数年前に出会って以来、“あの人”は毎年茹だるような暑い夏の季節にふらりと姿を現し、ヤマトに刀の指導をして旅立つことを繰り返していた。浪人として受けた依頼の寄り道ゆえに里に立ち寄ることもなく、森の中でヤマトと鍛錬をするだけ。年にほんの数時間もない邂逅ではあったが、それは当時のヤマトにとっては何にも耐え難い楽しみであり、ゆえに毎日疲れた身体に鞭打って森に足を運んでいたのだ。
そんなヤマトの心境を知ってか知らずか、“あの人”は笠の下で緩やかな笑みを浮かべる。
「それにしてもヤマト、ずいぶんと腕を上げたね? 少し覗き見していたけど、驚かされてしまったよ」
「本当ですか!?」
「勿論さ。より鋭く重い太刀を放つための技は星の数ほどあるけれど、一番大事なのは刃に気を乗せることだ。熟練の武芸者でも難しいことに、今のヤマトは手を届かせつつある」
少年ヤマトを褒め称える言葉のようでありながら、その背後にいるヤマト自身を激励するような言葉。

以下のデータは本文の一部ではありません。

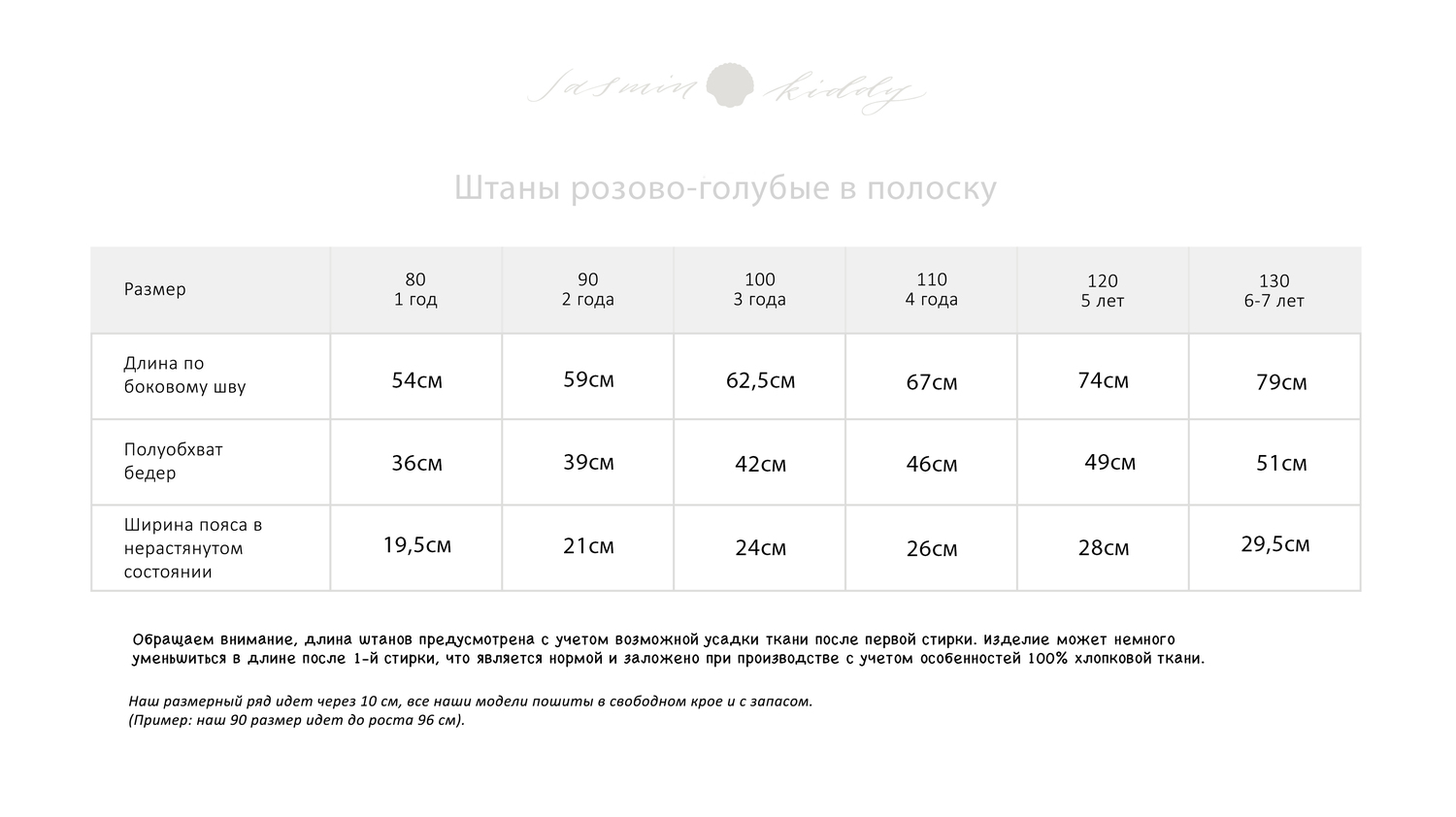 Брюки пошиты из мягкого, лёгкого и дышащего хлопково-льняного (хлопок 70%, лён 30%). материала. Полосатый принт в приглушённых оттенках синего, розового и зеленого. Материал обладает легкой жатой текстурой, что подчёркивает натуральность ткани и облегчает уход.
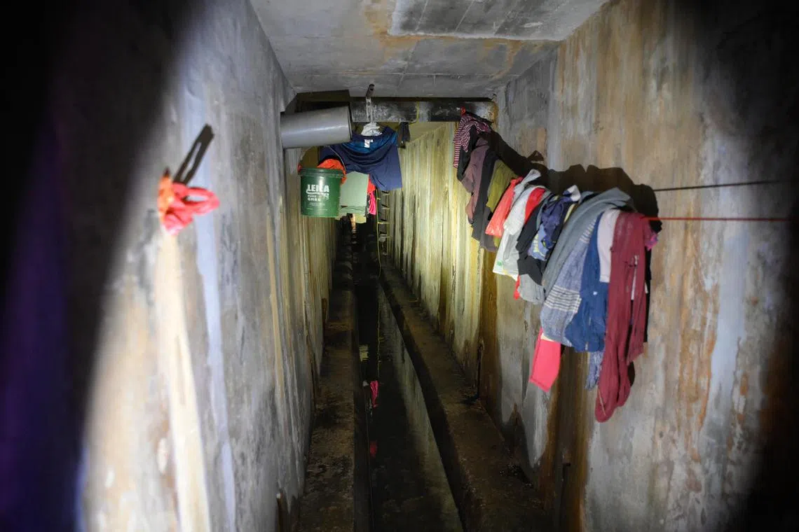 Metal steps inside the drain led The Straits Times into a labyrinth of dark passages. About 10m in, ST spotted damp clothes hanging on a nylon string and a single mattress on a makeshift bed comprising wooden planks.
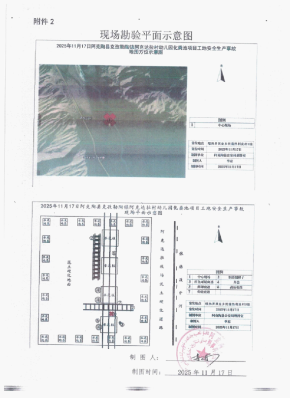 1.涉事地点。位于阿克陶县克孜勒陶镇阿克达拉村幼儿园化粪池项目工地,坐标为东经75.996022、北纬38.464500。以克孜勒陶镇阿克达拉村幼儿园化粪池项目工地为中心,现场的东侧为阿克达拉村硬质泥土路面及依格孜牙河;现场的南侧为阿克达拉村村委会规划用地;现场的西侧为阿克达拉村幼儿园;现场的北侧为穆斯**·**提小树林。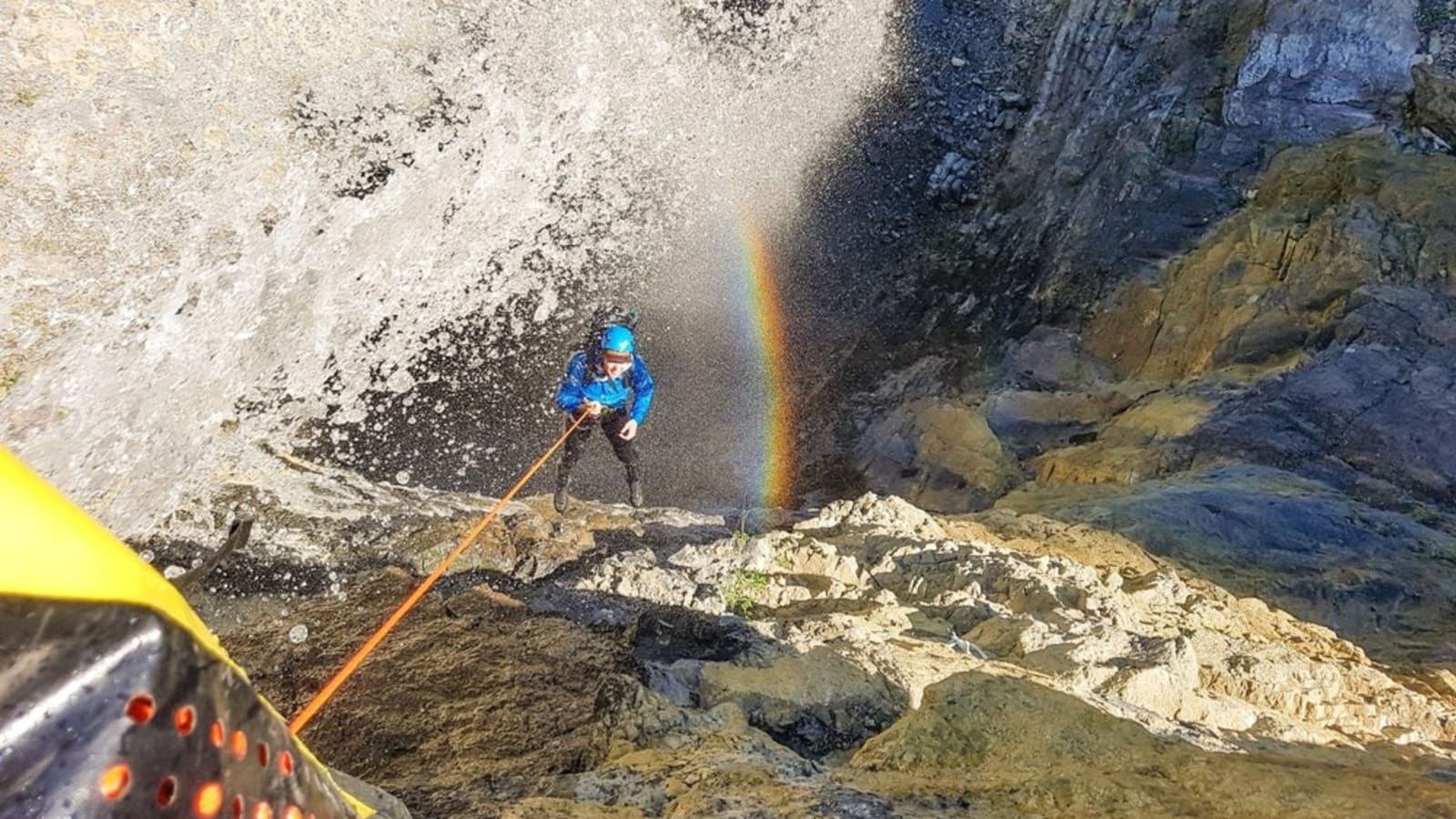 Some exposure to heights is unavoidable since both trips involve rappelling and jumps. The ground trip is rated "Occasionally sporty" and is more manageable for first-timers, while the heli-trip at "Sporty" assumes you're already comfortable with vertical exposure.

意識だけだというのに思わず背筋を正して、“あの人”の言葉に聞き入った。
「気、ですか?」
「里の先生とかに聞けば詳しく教えてくれるだろうけど、そう難しく考えることはない。要は、一太刀ずつに全霊を込めて打ちなさいということだ」
「……なるほど?」
「刀の道理を知り、戦いの術を身につけると、無意識に計算してしまうものなのさ。この相手はどの程度の力で斬ればよくて、どの技が最も効率的なのかとね。だが、ときには全てを忘れて我武者羅に打ち込むべき戦もある」
「全てを忘れて?」
「己の力と技が通用せず、どう足掻いても勝てそうにない相手と戦うときとか、全てが互角の好敵手に競り勝つときとか。己の気迫が物を言う戦いも、存外に多いものだ」
当時の少年ヤマトにはほとんど届いていない言葉だったが、今になってみればよく分かる。小綺麗な技の応酬は確かに重要だが、ときにそれを引っ繰り返せるほどには、気迫という不確かなものも肝要だ。
とは言え、それを今のヤマトがどれほど痛感したところで、少年ヤマトの心持ちが変わる訳でもない。小難しい顔をして考え込んだ少年ヤマトだが、やがて小首を傾げる。
「よく分かりません」
「ふふっ、それでいいのさ。技を知り刃を知り戦を知り、そうして改めて気づくべきことだ。今のヤマトは、とにかく刀の技を身に着けて、その道理を会得することに専心するべきだ」
「……よく分からないですけど、分かりました」
どことなくはぐらかされているような心地のまま、曖昧な表情で頷く。
そんな少年ヤマトの顔が余程面白かったのか、“あの人”が年月を感じさせない朗らかな笑い声を上げるのを最後に。
夢の世界に再び白光が入り込み、景色が崩れていった。